Stories are meant to be shared, and so they should appeal to a wide range of people. “Every nonprofit is now a media organization,” writes J.D. Lasica on SocialBrite. “Once you have a visual story, or several, that you can draw upon, you’ll be able to begin using it in your public outreach.” The phrase “public outreach” is crucial; ephemeral content is made to vanish, after all, and so it is made with a discrete audience in mind. When your organization creates a visual story, imagine sharing that story with a complete stranger. Would she respond favorably? Does she have enough information to know why your organization matters? Would she share it with a friend?

When—and how—to be ephemeral

To just “say” something, but in a personal way

Stories build intimacy between organizations and audiences; ephemeral content can sustain it without wearing you out. Think of your relationship with your audience as a friendship: You don’t begin most conversations with close friends by reminding each other who you are. Instead, you offer a warm greeting, or offer a high-five.

People value Snapchat for its informal tone, and perhaps Instagram’s new Stories function will encourage the same informality. Rather than the tight control you need to tell your organization’s story, ephemeral content allows you to briefly reconnect in a more off-the-cuff manner. For inspiration, look to lighthearted content like Charity: Water’s Halloween Snaps, or follow some of these Snapchat accounts rounded up by Nonprofit Tech for Good. (We’re especially fond of the Los Angeles County Museum of Art’s “Orange is the New Black” series.)

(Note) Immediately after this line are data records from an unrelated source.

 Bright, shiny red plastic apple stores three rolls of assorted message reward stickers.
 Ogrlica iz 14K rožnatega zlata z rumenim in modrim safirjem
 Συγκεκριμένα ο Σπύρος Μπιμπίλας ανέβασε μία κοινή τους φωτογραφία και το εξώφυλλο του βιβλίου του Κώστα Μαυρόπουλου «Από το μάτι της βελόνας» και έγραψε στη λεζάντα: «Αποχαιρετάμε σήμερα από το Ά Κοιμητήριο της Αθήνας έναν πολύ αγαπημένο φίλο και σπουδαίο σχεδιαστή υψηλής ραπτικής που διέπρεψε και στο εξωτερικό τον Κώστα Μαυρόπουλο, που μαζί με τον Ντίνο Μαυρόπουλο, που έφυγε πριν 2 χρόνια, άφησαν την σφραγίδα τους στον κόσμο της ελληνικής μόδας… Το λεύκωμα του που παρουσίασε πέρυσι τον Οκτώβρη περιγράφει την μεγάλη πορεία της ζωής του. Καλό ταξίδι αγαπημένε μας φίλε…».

To keep your audience’s attention

Stories are helpful for winning a person’s attention, but how should you sustain it? Once someone joins your organization’s audience, you don’t have to work as hard to create context for them. They remember your story and how it connects to your mission. (And, if they don’t, remember: Stories should last. Make it easy for your audience to find those videos and galleries that explain your goals again.) Instead, ask yourself how you might provoke them or entertain them or encourage their curiosity.

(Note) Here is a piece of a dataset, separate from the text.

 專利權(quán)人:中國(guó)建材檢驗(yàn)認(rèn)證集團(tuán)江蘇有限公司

There’s a reason why people use ephemeral content to offer coupons or “teasers” for new campaigns or behind-the-scenes coverage of events. Exclusivity creates demand. Stories can be enjoyed again and again, and they show that your organization is thoughtful in its message. But ephemeral content is exclusive, and shows that your organization is lively and energetic. It tells your audience, “Watch this space. Something new is always on the way.”

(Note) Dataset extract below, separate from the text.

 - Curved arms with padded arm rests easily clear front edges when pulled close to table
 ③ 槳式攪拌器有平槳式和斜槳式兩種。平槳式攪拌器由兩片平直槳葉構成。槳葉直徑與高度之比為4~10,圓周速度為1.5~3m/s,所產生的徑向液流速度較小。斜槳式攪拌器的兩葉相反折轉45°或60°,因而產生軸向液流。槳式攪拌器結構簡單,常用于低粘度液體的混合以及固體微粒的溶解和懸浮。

Looking for inspiration? Snapchat didn’t invent ephemeral content, after all. Just check out Burma-Shave, whose roadside ads titillated drivers when they passed by.

When only simplicity will do

Narrative content should move from Point A to Point B. Ephemeral content, on the other hand, makes A Point. It assumes your audience’s familiarity with your work, and so it can cut straight to the point: This matters.

JustGiving highlighted a few charitable organizations that, in their words, “totally get Snapchat.” There’s inspiration aplenty here for organizations perfecting their ephemeral content strategy. A Brazilian environmental group makes 10-second videos of threatened ecosystems (fitting, then, that the videos disappear). And a branch of the World Wildlife Federation created a heartrending campaign to protect endangered animals: photos of polar bears and tigers, captioned with the phrase, “Don’t let this be my #LastSelfie.”